Source data
::::::::
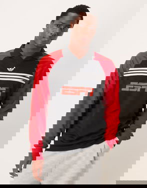 Porth Rugby Style Long Sleeve Polo Top, Navy/White
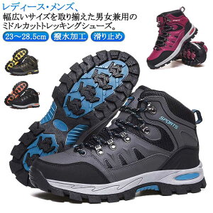 23〜28.5cm レディース・メンズ、幅広いサイズを取り揃えた男女兼用のミドルカットトレッキングシューズ。【防水&つま先保護&衝撃吸収&通気】アッパーはPUを使用して通気性、撥水透湿性に優れ、水の浸入を許さず...
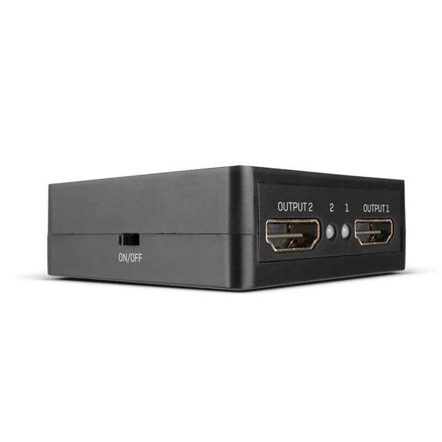 A compact, USB-powered HDMI 2.0 splitter that connects a single source to two 4K Ultra HD displays simultaneously, supporting 4K@60Hz, HDR, and HDCP 2.2.
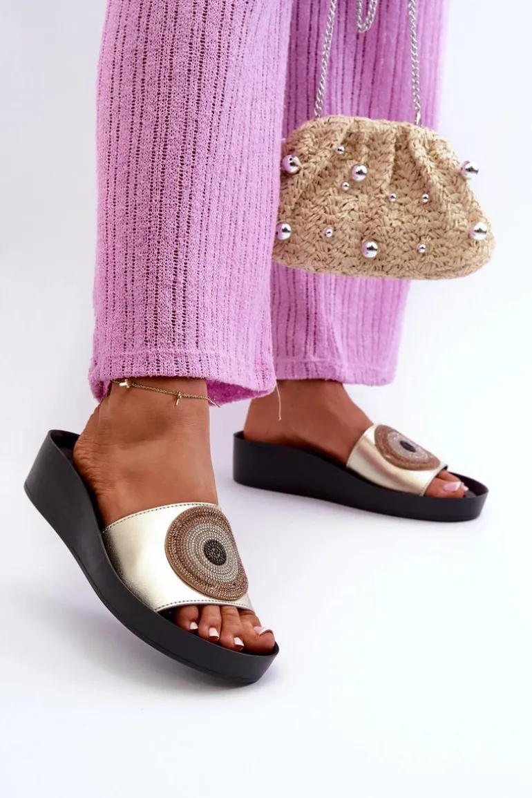 Damskie klapki z naturalnej skóry to połączenie elegancji i komfortu. Osadzone na stabilnej platformie z delikatnym koturnem. Model ten wyróżnia się błyszczącą ozdobą na pasku. Wkładka Comfort z naturalnej skóry, gwarantuje wyjątkową wygodę noszenia przez cały dzień. Przy wyborze rozmiaru prosimy sugerować się tabelą rozmiarów.
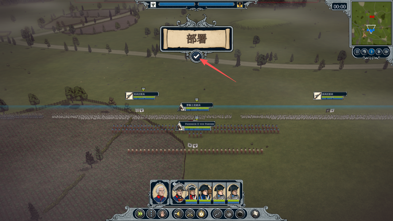 9、完成军队的位置部署后,就可以点击屏幕上方的“勾”标识。
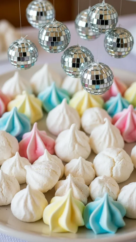 Bake meringue kisses in white or pale tones to reflect disco sparkle. Hang mini disco-balls above using clear thread taped to a stand. Guests enjoy the meringue while the display stays intact. Add powdered sugar for snow-like texture.
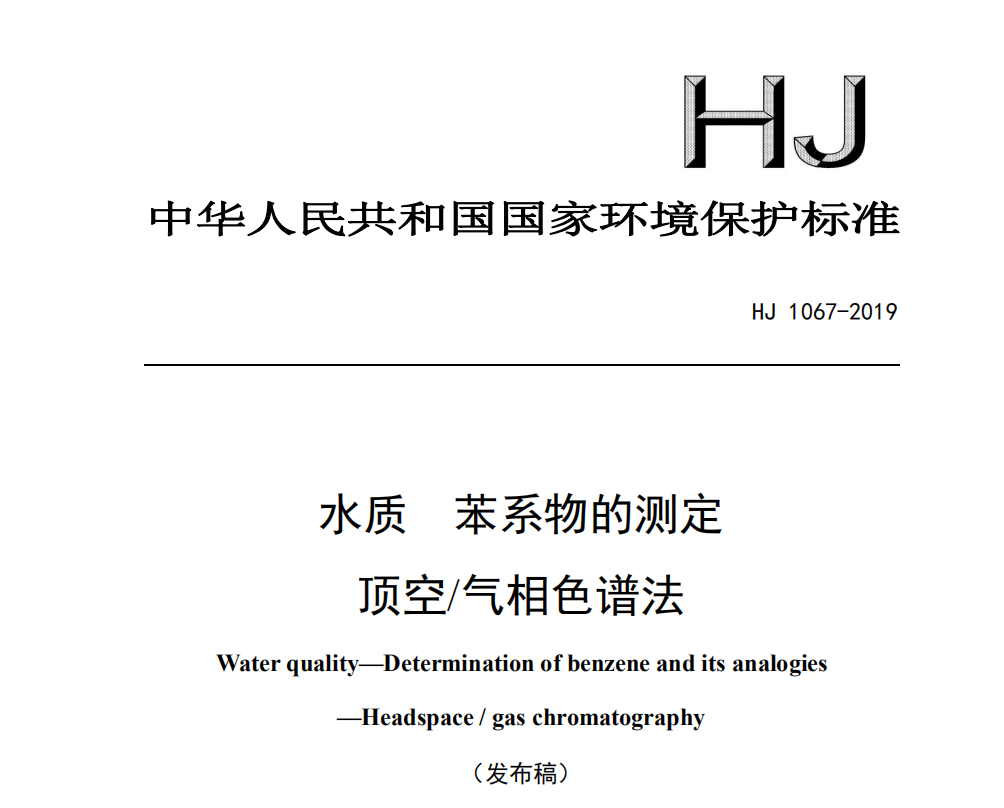 HJ1067-2019水質(zhì)苯系物的測定頂空.氣相色譜法 HJ 1067-2019 水質(zhì) 苯系物的測定 頂空/氣相色譜法本標(biāo)準(zhǔn)規(guī)定了測定水中苯系物的頂空/氣相... 更新日期:2020-05-29 下載包(1)
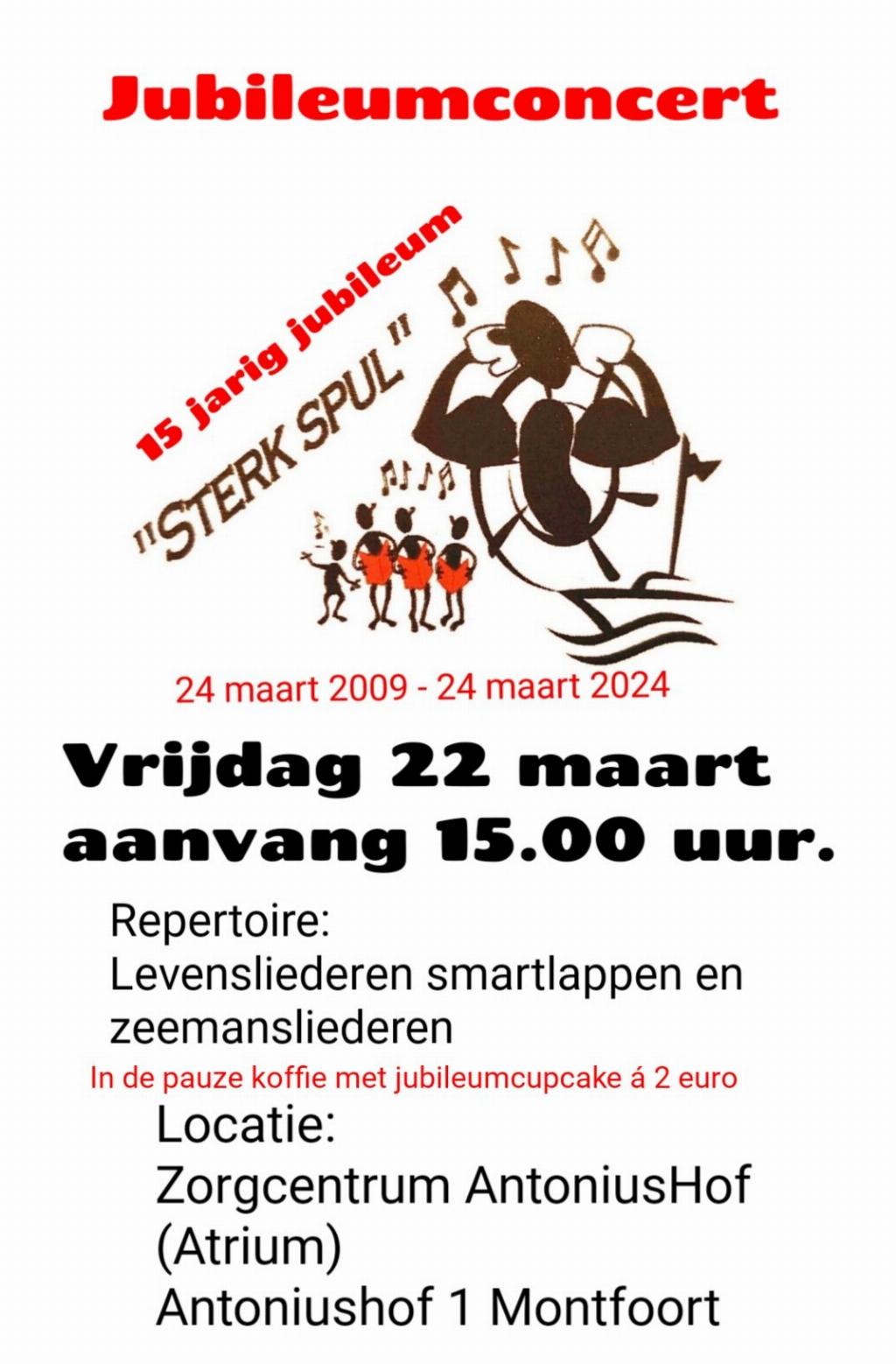 Geplaatst op:12-03-2024 Bijgewerkt op:12-03-2024 12:39 Jubileumconcert Sterk SpulBron: Zangkoor Sterk SpulDit jaar bestaat ons koor Sterk Spul uit Linschoten 15 jaar en we gaan vrijdag 22 maart 2024 aanvang 15.00 uur in het Atrium van het AntoniusHof in Montfoort een Jubileumconcert geven onder leiding van onze dirigente Helga Huisjes. Het is vrij toegankelijk en er is koffie te verkrijgen met jubileumcupcake á 2 euro in de pauze. Wij zijn een gemengd koor met 60 zangers, 5 accordeonisten, 1 slagwerker en bassist. We zingen zeemansliederen, smartlappen en levensliederen. Wij willen het gevoel van saamhorigheid dat we elke repetitie samen mogen ervaren delen met het publiek.
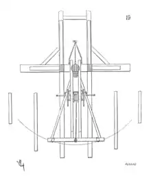 Для стрельбы верхняя часть рычага отводилась назад при помощи ворота и фиксировалась; в желобок на стойке заряжалась стрела, производилось прицеливание машины, после чего спусковое устройство (так называемый крюк-фиксатор) освобождалось и рычаг с силой ударял по тыльной части стрелы[2].
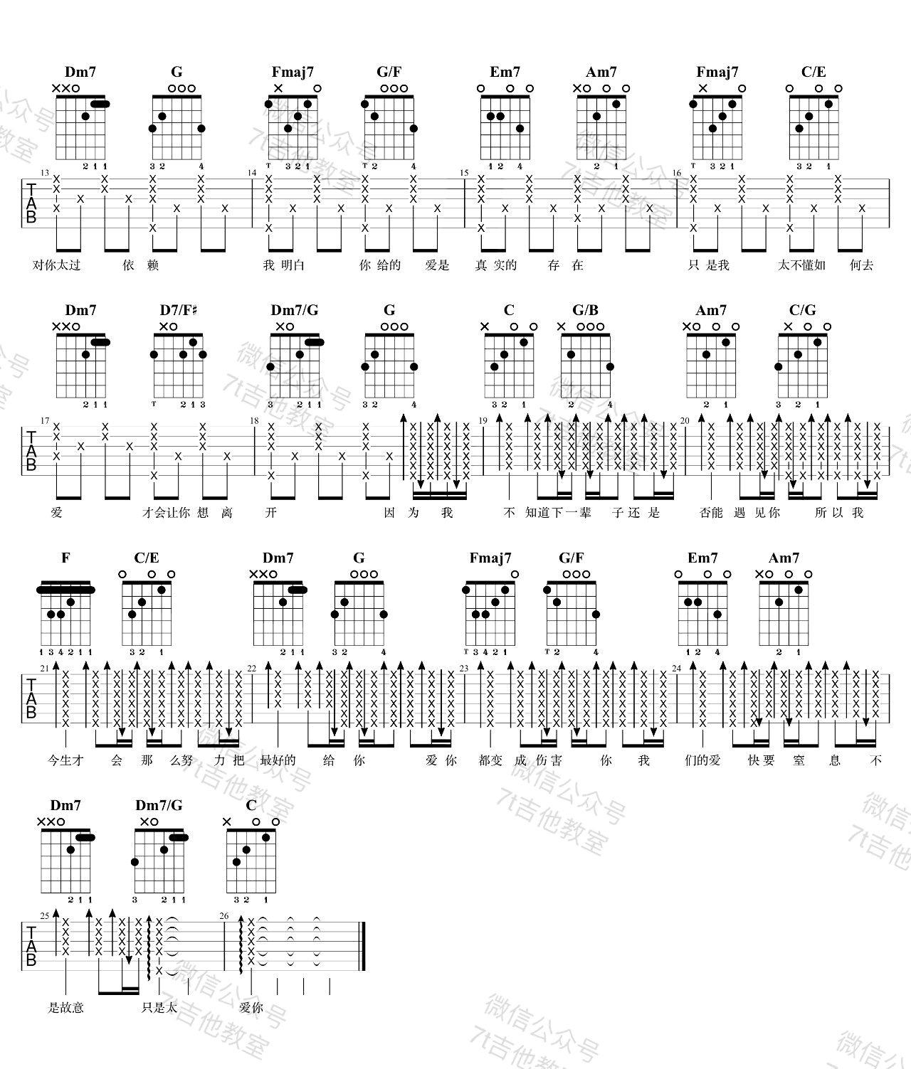 曲谱介绍: 只是太爱你吉他谱,张敬轩演唱的一首动听情歌,《比悲伤更悲伤的故事》电影片尾曲,歌曲原调升A大调,选用了C调指法编配,只是太爱你六线谱,7t吉他教室编配出品。随谱附上弹唱示范视频。 吉他弹唱演示及视频教学
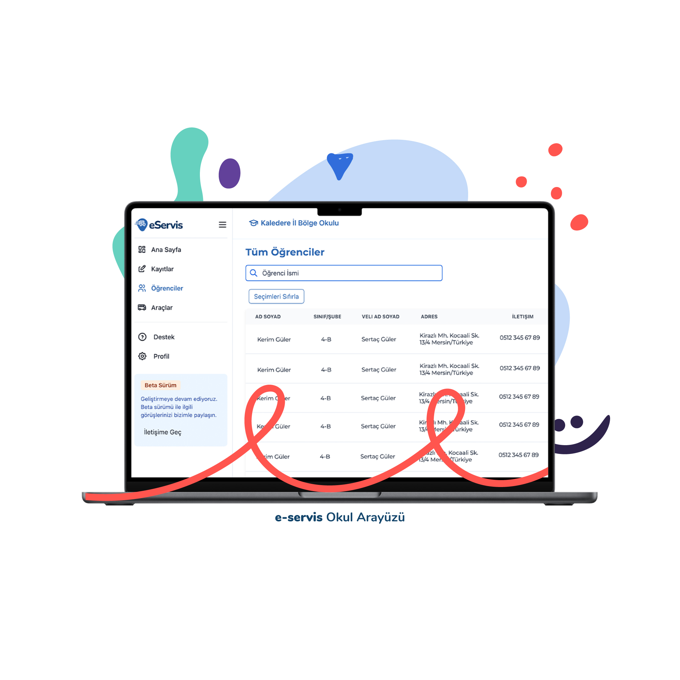 eServis ile servis firmaları, öğrenci taşımacılığında araçlarını anlık veya geçmişe yönelik olarak takip edebilir. Güçlü sistemimiz sayesinde, araçlarınızın nerede olduğunu ve geçmişteki rotalarını kolayca gözlemleyebilir, detaylı raporlar alabilirsiniz. Teknoloji kullanarak hizmetlerinizi daha etkin ve verimli bir şekilde yönetin, eServis ile servis taşımacılığında öncü olun!"
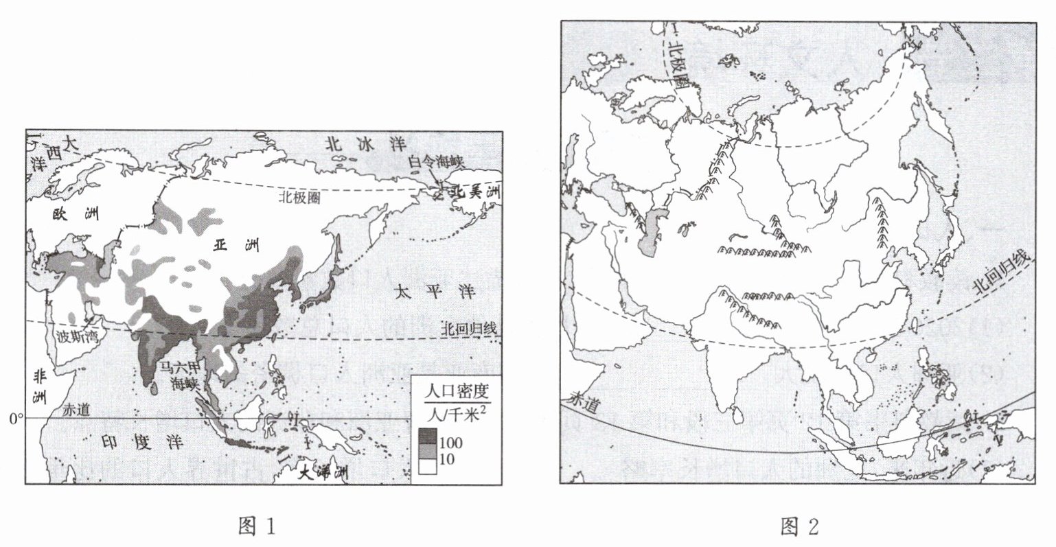 2. 亚洲的人口稠密区多位于河流的中下游,河流可以为农业生产提供水源等自然条件,但亚洲北部河流中下游地区人口稀疏,原因是(
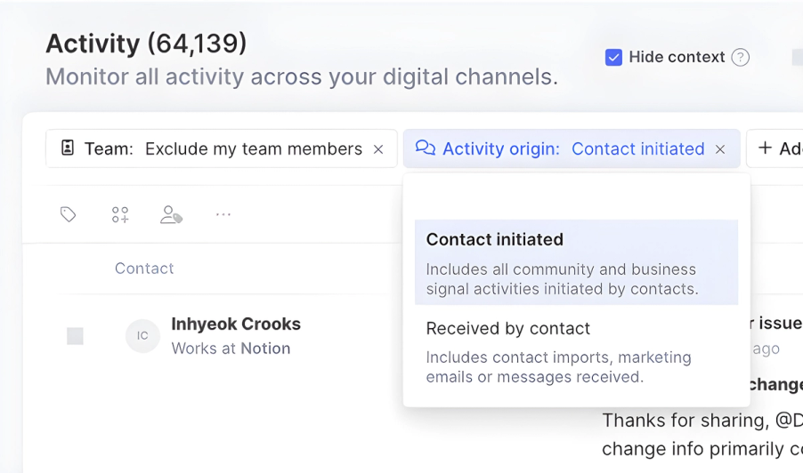 Filters are a property of any Contact, Activity, or Organization within Common Room by which data can be organized. A new filter — Activity Origin — allows you to filter ContactS, Segments, Activities, and Organizations by Contact Initiated or Received by Contact.
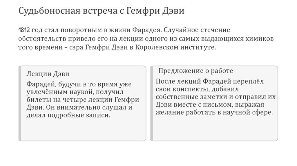 Судьбоносная встреча с Гемфри Дэви1812 год стал поворотным в жизни Фарадея. Случайное стечение
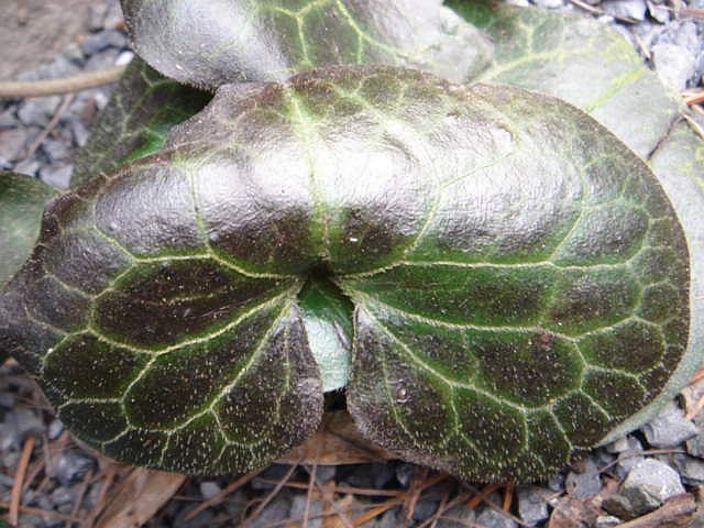 Leider haben A. campaniflorum ,epigynum 'Silver Web' (ausgerechnet!!) ,hypogynum ,macranthum und sp.Chen Yi 5 den Winter nicht überstanden. Selbst A.max. 'Silver Panda' wird sich nicht erholen ,eine taipingshanianum sieht schlecht aus und bei naniflorum Eco Decor kann ich keine Blattbildung erkennen. Alles in allem schwere Verluste und viel Lehrgeld bezahlt! Schade um die schönen Pflanzen ,aber ohne Gewächshaus sind einige wohl nicht zu halten ,ob nun mit oder ohne Wi-Schutz.Zum Schluß noch ein Bild vom Asarum europaeum ,ich finde hier die Winterfärbung der Blätter bei unserem Haselwurz sehr abwechslungsreich ,fast jedes Blatt sieht ein wenig anders aus und leuchtet in der Sonne mit einem fast metallischen Glanz.
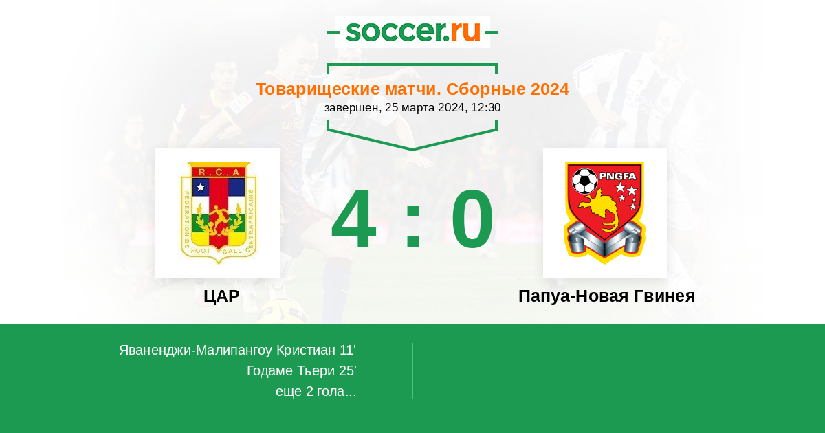 Протокол матча ЦАР против Папуа-Новая Гвинея
::::::::
TASK ITEM:
What's needed is an exact copy of the records above from the line containing "Filters are a" down to the line containing "Судьбоносная встреча с", both included, without any pictures.

SOLVED EXERCISE:
 Filters are a property of any Contact, Activity, or Organization within Common Room by which data can be organized. A new filter — Activity Origin — allows you to filter ContactS, Segments, Activities, and Organizations by Contact Initiated or Received by Contact.
 Судьбоносная встреча с Гемфри Дэви1812 год стал поворотным в жизни Фарадея. Случайное стечение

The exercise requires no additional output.